The central challenge is the inverse nature of the reconstruction: measured signals are available at the body surface, but the underlying locations and strengths of activity are hidden. Mathematical inverse methods estimate source configurations that could have produced those measurements. Consequently, a source map is an evidence-based model, not a direct observation of neuronal tissue.
Head anatomy and modeling assumptions shape how surface measurements are related to possible sources inside the brain. If those inputs or assumptions change, the estimated location and strength of activity can also change. For that reason, researchers interpret reconstructed maps alongside the quality of the sensor data and the assumptions used to generate them.
EEG and MEG contribute different kinds of surface measurements: EEG records electrical signals, whereas MEG records magnetic signals generated by synchronized neuronal currents. The selected sensor modality therefore determines which measurements enter the reconstruction. In either case, mathematical source estimation converts the recorded activity into a model of likely brain locations and strengths.
A typical workflow begins by recording activity with surface sensors, such as EEG or MEG. Researchers then use mathematical inverse methods to estimate the likely locations and strengths of the underlying sources, taking head anatomy and modeling assumptions into account. The resulting source maps are interpreted in relation to the neural process or stimulus being studied.

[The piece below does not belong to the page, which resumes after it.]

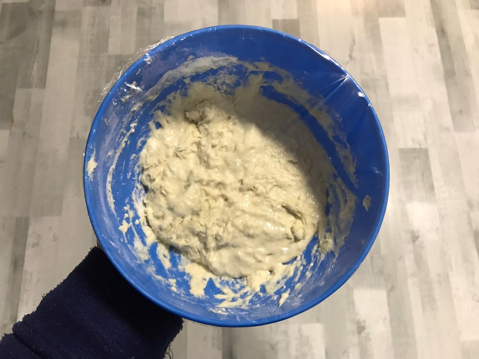 Najprv si rozmiešame droždie vo vode a potom túto zmes pridáme do múky. Zakrytú misku zakryjeme potravinárskou fóliou a utierkou. Necháme odpočívať 10-12 hodín.
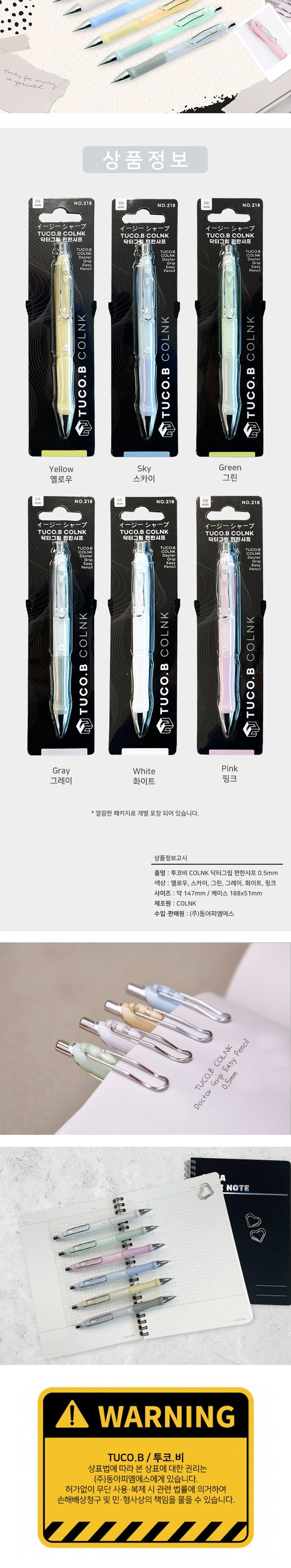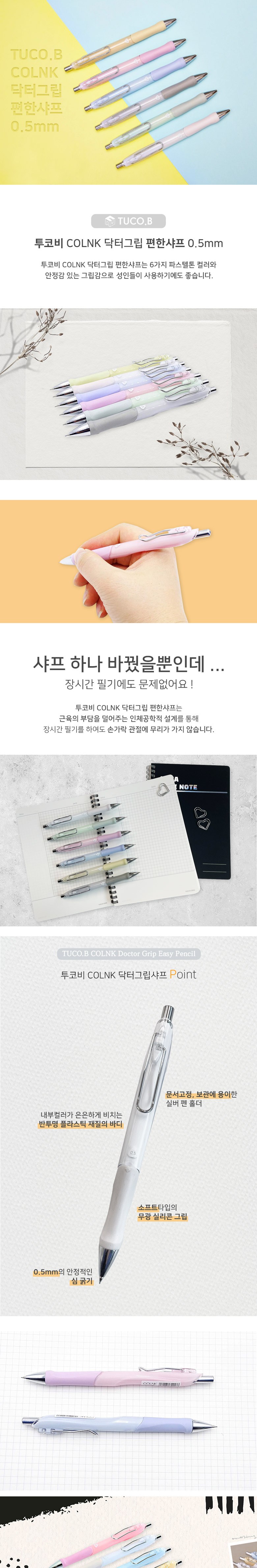 | 품명 및 모델명 | 투코비 COLNK 닥터그립 편한샤프 핑크 | 인증/허가 사항 | 해당없음(14세이상) |

Source maps can help researchers examine brain organization, communication, and responses to stimuli. By estimating where activity arises and how strong it may be, the maps provide a way to study physiological processes that are not directly visible from surface recordings alone. Their value lies in connecting measured signals with hypotheses about activity inside the brain.
In epilepsy research, reconstructed source maps can support clinical investigation by indicating the likely brain locations associated with recorded electrical or magnetic activity. These estimates do not directly reveal hidden tissue, so interpretation must consider data quality, head anatomy, and model assumptions. Used carefully, the approach can help relate abnormal activity patterns to candidate brain regions.